MS191 - Explainable AI for the Discovery and Control of Complex Systems in Engineering and Applied Sciences

Organized by: G. Mengaldo (National University of Singapore, Singapore), R. Vinuesa (University of Michigan, United States), R. Maulik (The Pennsylvania State University, United States) and S. L Brunton (University of Washington, United States)
Keywords: Interpretability, Scientific Discovery, Control, Explainable AI
The increasing integration of artificial intelligence (AI) into engineering and applied sciences is reshaping our ability to better understand and potentially control complex systems.
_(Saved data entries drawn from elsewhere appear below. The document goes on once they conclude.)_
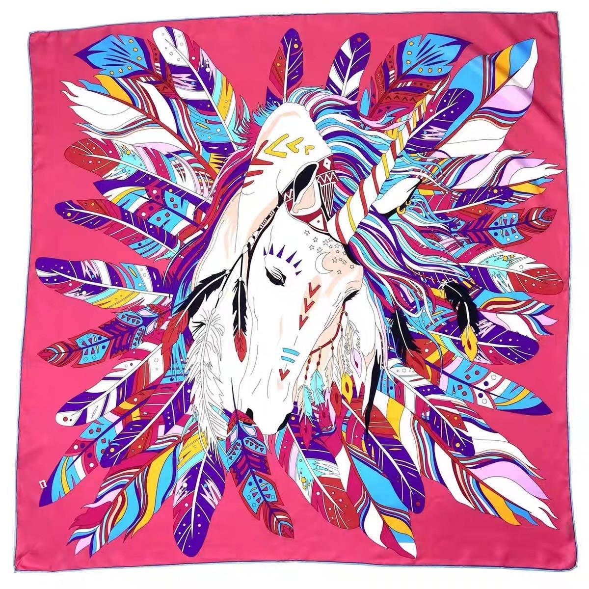 как выглядит 35"x35"Pink Colorful Feather Print Pure Mulberry Twill 16momme Silk Scarf88x88cm фото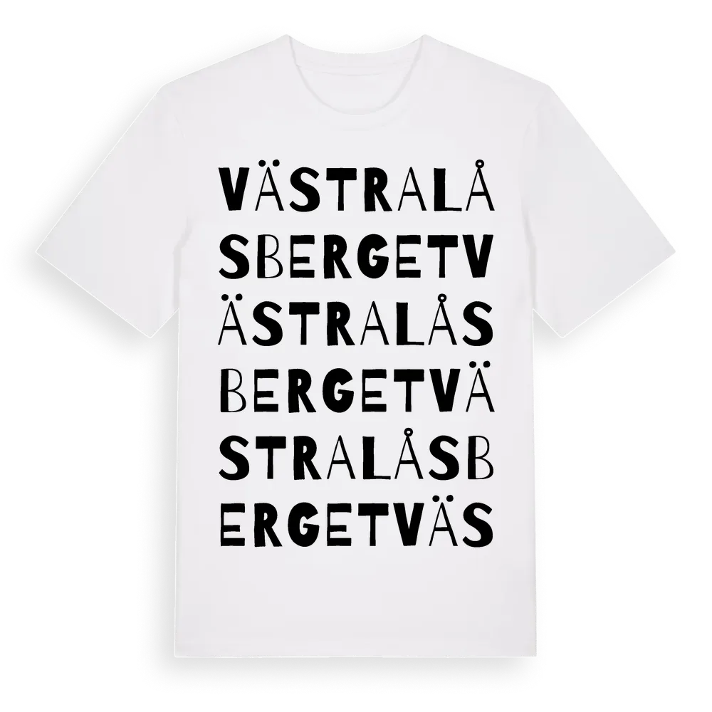Västra Låsberget ordlek t-shirt är inspirerad av Västra Låsberget i Dalarnas län, Sverige. Tröjan är designad för dig som har en speciell koppling till platsen – oavsett om du bor här, har rötterna här eller bara älskar Västra Låsberget.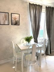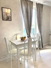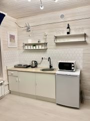 Кухня -гостиная со всей необходимой техникой и посудой.

Nevertheless, the inherent opacity of many AI methodologies, notably deep learning, frequently restricts their deployment in many applications. Recent advances in explainable AI (XAI) have begun addressing these issues by enabling interpretable insights into AI-driven predictions and decisions. This mini symposium brings together leading researchers and practitioners to showcase state-of-the-art developments in XAI for complex systems arising in engineering and applied sciences. We encourage submissions on topics including mechanistic interpretability, post-hoc interpretability, and causal inference, to show how these methods are accelerating scientific discovery and enabling the control of complex systems. Examples of work in this space include [1] for mechanistic interpretability, [2] for post-hoc interpretability, [3] for XAI in scientific discovery, and [4] for XAI in control. The mini symposium aims to bring the community together, around the central topic of XAI, encouraging interdisciplinary collaboration across different applied disciplines. REFERENCES [1] Discovering governing equations from data by sparse identification of nonlinear dynamical systems SL Brunton, JL Proctor, JN Kutz. Proceedings of the national academy of sciences 113 (15), 3932-3937. [2] Evaluation of post-hoc interpretability methods in time-series classification H Turbé, M Bjelogrlic, C Lovis, G Mengaldo. Nature Machine Intelligence 5 (3), 250-260. [3] Explain the Black Box for the Sake of Science: the Scientific Method in the Era of Generative Artificial Intelligence G Mengaldo arXiv preprint arXiv:2406.10557. [4] Improving turbulence control through explainable deep learning M Beneitez, A Cremades, L Guastoni, R Vinuesa. arXiv preprint arXiv:2504.02354.